Eine Reise ins Ungewisse
Vom Buchdeckel eingestimmt, wurde ich zu Beginn dann auch an die umschriebene Situation herangeführt. Adam lebt zusammen mit seinem besten Freund Rufus, der schon sehr alt ist. Eines Tages stirbt sein bester Freund und Adam versinkt in einer tief greifenden Trauer. Auf der anderen Seite des Meeres lebt Sonia mit Katze Mietzi kein leichtes Leben. Während Hund Rufus seinen letzten Atemzug tätigt, läuft Katze Mietzi los, als hätte sie es gespürt. Im Schlepptau hat sie ihre beste Freundin Sonia, die ihr blind folgt.
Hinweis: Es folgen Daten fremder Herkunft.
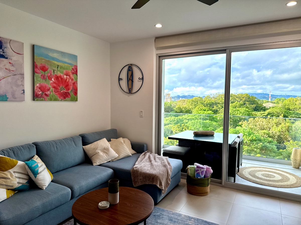 2 κρεβάτια, 2 μπάνια, οικολογικό πολυτελές διαμέρισμα με πανοραμική θέα στην κορυφή του δέντρου. Με ηρεμία και θέα σε ένα φυσικό καταφύγιο όπου μπορείτε να παρακολουθήσετε κόκκινους παπαγάλους Macaw και ένα τετράγωνο μακριά από την παραλία σε μια περιφραγμένη κοινότητα με εκπληκτική πισίνα σε στιλ θέρετρου. Πρόσφατα ανακαινισμένο από τοπικό διακοσμητή εσωτερικών χώρων, με όλες τις ανέσεις, όπως νέες συσκευές, έξυπνες τηλεοράσεις, στρώματα ξενοδοχείου και τα καλύτερα φωτιστικά και φινιρίσματα. Λίγα βήματα από καταστήματα, εστιατόρια και ιδανικό για ημερήσιες εκδρομές σε καταρράκτες, μονοπάτια ζούγκλας και παραλίες.

Ihre Reise ins Ungewisse verlangt beiden einiges ab und sie durchleben Höhen und Tiefen. Währenddessen ist Adam so in seiner Trauer versunken, dass er nichts mehr essen mag. Er wird schwächer und schwächer.
Dass Katze Mietzi sich auf den Weg zu dem trauernden Adam macht, ahnt der Leser nach relativ kurzer Zeit. Dennoch ist die Reise zu ihm sehr eindrucksvoll und interessant. Denn Sonia und Mietzi treffen dort auf viele abenteuerliche Hindernisse und erleben nicht immer nur schöne Momente. Doch eines wird sehr deutlich- sie haben einander und nur das zählt. Zwischenzeitlich gibt es immer kurze Sequenzen, in denen beschrieben wird, wie die Trauer an Adam nagt und man hofft, dass Mietzi und Sonia rechtzeitig ihren Weg zu ihm finden.
Manchmal muss man einen guten Freund gehen lassen
Einen geliebten Freund zu verlieren ist für keinen leicht. Das mussten wir vor über einem Jahr schmerzlich erfahren. Als Eltern macht man sich schon viele Gedanken, wie man ein Kind in die Trauer mit einbezieht. Eines haben wir daraus gelernt – das ein Kind von knapp 3 Jahren mehr durchblickt, als man sich denkt. Heute sind wir froh, dass wir unseren Sohn sanft an dieses Thema herangeführt haben und zugelassen haben, dass er auf seine Weise trauert. Viele Eltern sind jedoch unsicher und umso wichtiger sind Bücher wie „Der lange Weg zu dir“. Denn diese Geschichte nähert sich dem Thema Trauer auf behutsame Weise und macht deutlich, dass man Zeit braucht, um einen Freund gehen zu lassen.
Ein Ende kann auch ein Neubeginn sein
Jedoch wird in diesem Bilderbuch nicht nur über das Thema Trauer und die Sehnsucht nach einem verlorenen Freund berichtet. Deutlich im Mittelpunkt stehen die Freundschaft zwischen Mensch und Tier und zwischenmenschliche Beziehungen. Das Schöne an den Geschichten von Emilia Dziubak und Martin Widmark ist, dass sie kleine Momente oder kleine Ereignisse in die Handlung einbauen, die wieder etwas Licht und Glück zurückzubringen. Auch das Ende dieser Geschichte bietet die hoffnungsvolle Aussicht auf einen Neubeginn.
Wer bisher noch nicht überzeugt ist, sollte sich die kunstvollen Illustrationen von Emilia Dzuibak ansehen. In ihren imposanten und sehr atmosphärischen Zeichnungen, mit gewählt kraftvollen Farben, verliert man sich buchstäblich.
„Der lange Weg zu dir“ von Emilia Dziubak und Martin Widmark ist ein bezaubernd schönes und eindrucksvolles Bilderbuch und eine wunderbare Möglichkeit Kindern das Thema Trauer ein wenig näher zu bringen.